3. Montenegro shall take the necessary measures in order to guarantee no later than five years after entry into force of this Agreement a level of protection of intellectual, industrial and commercial property rights similar to that existing in the Community, including effective means of enforcing such rights.

4. Montenegro undertakes to accede, within the period referred above, to the multilateral conventions on intellectual, industrial and commercial property rights referred to in Annex VI. The Interim Committee may decide to oblige Montenegro to accede to specific multilateral Conventions in this area.

5. If problems in the area of intellectual, industrial and commercial property affecting trading conditions occur, they shall be referred urgently to the Interim Committee, at the request of either Party, with a view to reaching mutually satisfactory solutions".
Annex VI itself consists of a list:
"INTELLECTUAL, INDUSTRIAL AND COMMERCIAL PROPERTY RIGHTS referred to in Article 40 of this Agreement ...:

Article 40(4) of this Agreement ... concerns the following Multilateral Conventions to which Member States are Parties, or which are de facto applied by Member States:

— Convention establishing the World Intellectual Property Organisation (WIPO Convention, Stockholm, 1967, as amended in 1979),
— Berne Convention for the Protection of Literary and Artistic Works (Paris Act, 1971),
— Brussels Convention Relating to the Distribution of Programme-Carrying Signals Transmitted by Satellite (Brussels, 1974),
— Budapest Treaty on the International Recognition of the Deposit of Microorganisms for the Purposes of Patent Procedure (Budapest, 1977, as amended in 1980),
— Hague Agreement Concerning the International Deposit of Industrial Designs (London Act, 1934 and The Hague Act,1960),
— Locarno Agreement Establishing an International Classification for Industrial Designs (Locarno, 1968, as amended in 1979),
— Madrid Agreement concerning the International Registration of Marks (Stockholm Act, 1967 and amended in 1979),
— Protocol Relating to the Madrid Agreement Concerning the International Registration of Marks (Madrid Protocol, 1989),
— Nice Agreement concerning the International Classification of Goods and Services for the purposes of the Registration of Marks (Geneva, 1977 and amended in 1979),
— Paris Convention for the Protection of Industrial Property (Stockholm Act, 1967 and amended in 1979),
— Patent Cooperation Treaty (Washington, 1970, as amended in 1979 and modified in 1984),
— Patent Law Treaty (Geneva, 2000),
— International Convention for the Protection of New Varieties of Plants (UPOV Convention, Paris, 1961, as revised in 1972, 1978 and 1991),
— Convention for the Protection of Producers of Phonograms against Unauthorised Duplications of their Phonograms (Phonograms Convention, Geneva, 1971),
— International Convention for the Protection of Performers, Producers of Phonograms and Broadcasting Organisations (Rome Convention, 1961),
— Strasbourg Agreement Concerning the International Patent Classification (Strasbourg, 1971, as amended in 1979),
— Trademark Law Treaty (Geneva, 1994),
— Vienna Agreement Establishing an International Classification of the Figurative Elements of Marks (Vienna, 1973, as amended in 1985),
— WIPO Copyright Treaty (Geneva, 1996),
— WIPO Performances and Phonograms Treaty (Geneva, 1996),
— The European Patent Convention,
— WTO Agreement of Trade-Related Aspects of Intellectual Property Rights".
The IPKat, ever fascinated by detail, notices that there are some multilateral IP treaties and conventions that are not on the list. He wonders how many of them will be spotted by his readers. Merpel wonders, is "European Patent Convention" any old European Patent Convention, or is it specifically EPC 2000?
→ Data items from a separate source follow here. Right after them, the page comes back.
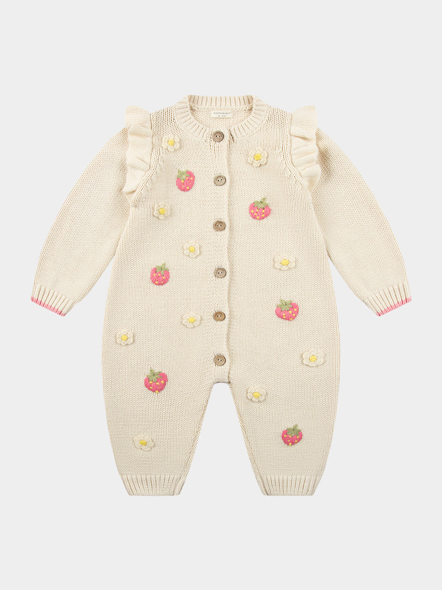 Strawberry Hand-Embroidered Romper, Crème Brulee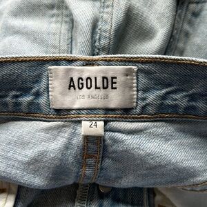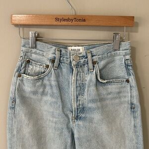 Agolde Riley High Rise Straight Crop in Blitz Button Fly Light Wash Sz 24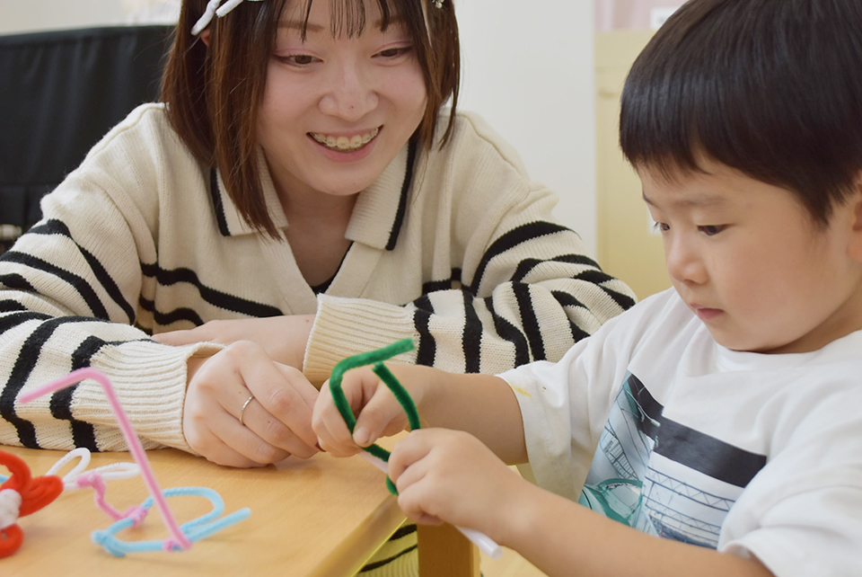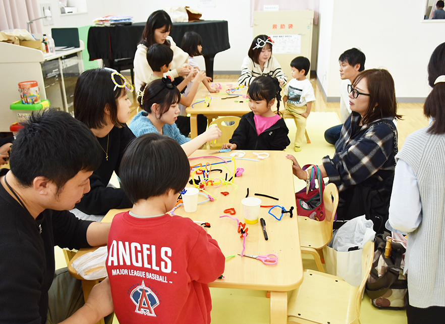 11月1日、2日に開催された里見祭(大学祭)で、こども発達学科の学生たちが北館プレイルームにて、「遊びの広場と親子制作」のワークショップを行いました。学生たちは、未就学児も保護者と一緒に制作が楽しめるような企画を考え、準備して里見祭に臨みました。

Montenegro big cats here, little cat here
Monteverdi here
Montevideo here
Montezuma here
Monty Python here
Montenegro gets the long list treatment Montenegro gets the long list treatment Reviewed by Jeremy on Monday, January 07, 2008 Rating: 5

2 comments:

  1. I think this answers Merpel's question (from http://www.epo.org/patents/law/legal-texts/epc2000.html):

    The European Patent Convention as revised by the Act revising the EPC of 29 November 2000 entered into force on 13 December 2007. Upon entry into force of the revised text of the Convention, the text valid until that time (the "EPC 1973") ceased to apply (cf. Article 8(2) Revision Act).

    The following pages provide a complete collection of the official documents related to the revision process.

    ReplyDelete
  2. But when the Interim Agreement was signed, the relevant EPC was the original one, not EPC 2000. Supposing Montenegro signed up with the original EPC before the date EPC 2000 entered into force, then just sat back and twiddled its thumbs ...

    ReplyDelete

All comments must be moderated by a member of the IPKat team before they appear on the blog. Comments will not be allowed if the contravene the IPKat policy that readers' comments should not be obscene or defamatory; they should not consist of ad hominem attacks on members of the blog team or other comment-posters and they should make a constructive contribution to the discussion of the post on which they purport to comment.

It is also the IPKat policy that comments should not be made completely anonymously, and users should use a consistent name or pseudonym (which should not itself be defamatory or obscene, or that of another real person), either in the "identity" field, or at the beginning of the comment. Current practice is to, however, allow a limited number of comments that contravene this policy, provided that the comment has a high degree of relevance and the comment chain does not become too difficult to follow.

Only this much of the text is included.